Is your default password compliant to the AD password policy? Kind regards, Peter Peter Geelen (Traxion) - Sr. Consultant IDA (http://www.fim2010.be) [If a post helps to resolve your issue, please click the "Mark as Answer" of that post or "Helpful" button of that post. By marking a post as Answered or Helpful, you help others find the answer faster.]

Also, as of this post on userAccountControl, did you check for the time sync settings? FIM server must be time synced with AD... HTH, PeterPeter Geelen (Traxion) - Sr. Consultant IDA (http://www.fim2010.be) [If a post helps to resolve your issue, please click the "Mark as Answer" of that post or "Helpful" button of that post. By marking a post as Answered or Helpful, you help others find the answer faster.]

Hi Peter, it would seem so as I was able to reset a new users password to the default password using mmc. GPO says x characters min and must meet password complexity requirements,but at this point don't know how to check those complexity requirements.. Looking into it now. I also tried removing the pwdLastSet=0 attribute flow but there was no change.

Just FYI: Passwords must meet complexity requirements on Technet. HTH, PeterPeter Geelen (Traxion) - Sr. Consultant IDA (http://www.fim2010.be) [If a post helps to resolve your issue, please click the "Mark as Answer" of that post or "Helpful" button of that post. By marking a post as Answered or Helpful, you help others find the answer faster.]

The times are synchronised and after reading that document I can confirm the default password does meet complexity requirements. Hrm!

Are you really sure that was FIM is generating/setting for the unicodePwd attribute is complex enough? Whenever I have accounts which end up with 514 mostly that's because the PW isn't complex enough. If I'm not mistaken you can easily check this: go to Active Directory Users & Computers, right click such a provisioned disabled account and choose "enable". If it gives you an error regarding the password complexity you'll know what to look for.http://setspn.blogspot.com

A colleague of mine had exactly this scenario yesterday, and I went through all the above scenarios, including password complexity. In the end the problem was simply a missing permission for the management agent account to actually set the password. This problem has a habit of cropping up a lot because the error message that comes back isn't exactly helpful in pin-pointing the cause. Perhaps this is your issue too?Bob Bradley, www.unifysolutions.net (FIMBob?)

When creating new accounts, I'm setting the following (and others) attributes and the user provisions successfully but the uac comes back as 514, i.e. disabled: userAccountControl = 512 unicodePwd = some default password pwdLastSet = 0 My intention here is to allow them to log-in with the default password but be required to enter a new password on first login. I'm guessing the pwdLastSet attribute is throwing this out? How do other people approach this situation?

I had assigned what I thought was the correct permissions to the agent account in AD previously and tried a few more but couldn't get it to work. After setting the "Full control" permission to all descendent objects it worked. So there is a permission I'm missing, but I don't have the time to find the specific one. We're on an extremely tight deadline. This is far from ideal. I wish the required permissions for common ADMA actions were documented. Thanks Bob! This will do for now, or until the security team start complaining... Edit... JayAdair1 is me. For some reason I have two accounts depending on the browser I use, despite using the same email address.
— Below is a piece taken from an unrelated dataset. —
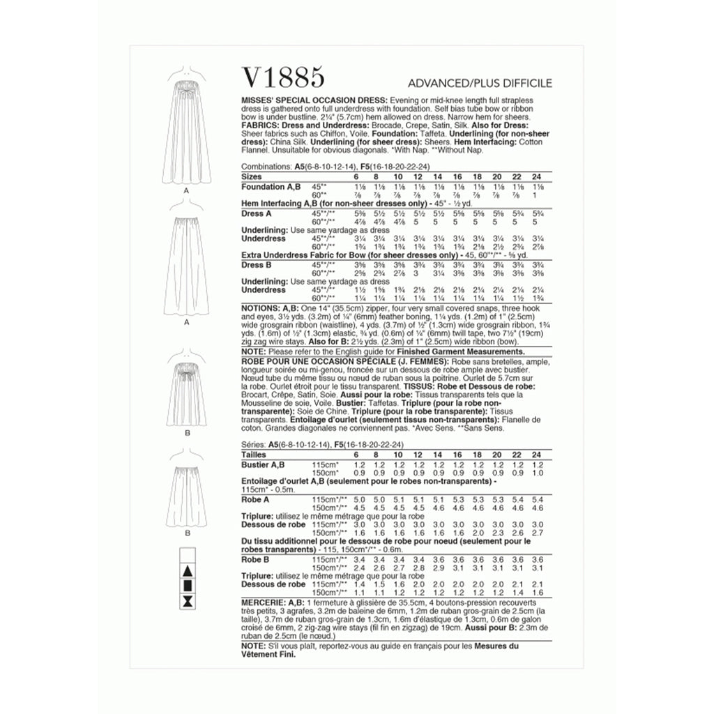 Vintage Vogue vers 1966, la robe bustier pleine longueur de soirée ou mi-genou est froncée sur une sous-robe complète avec fond de teint. L'arc de tube ou l'arc de ruban est sous la poitrine. Ourlet de 2 1/4 po autorisé sur la robe. Ourlet étroit pour les voilages. Compétence en couture : Avancé.

I understand your frustration, but where does FIM documentation ends and where does the External Datasource documentation begins? As for AD it's explained in details in the following documents: Best Practices for Delegating Active Directory Administration Best Practices for Delegating Active Directory Administration Appendices Good luck! http://setspn.blogspot.com

Don't forget this very important resource: Management Agent Communication Ports, Rights, and Permissions ... maybe have a scour of this and see if it has the explicit permissions you're after.Bob Bradley, www.unifysolutions.net (FIMBob?)

Password complexity isn't the issue as I can enable the accounts in AD manually. Thanks Bob, that sounds quite possible. I'll have a look. Hopefully there's recommended permissions in the FIM documentation.. Will report back.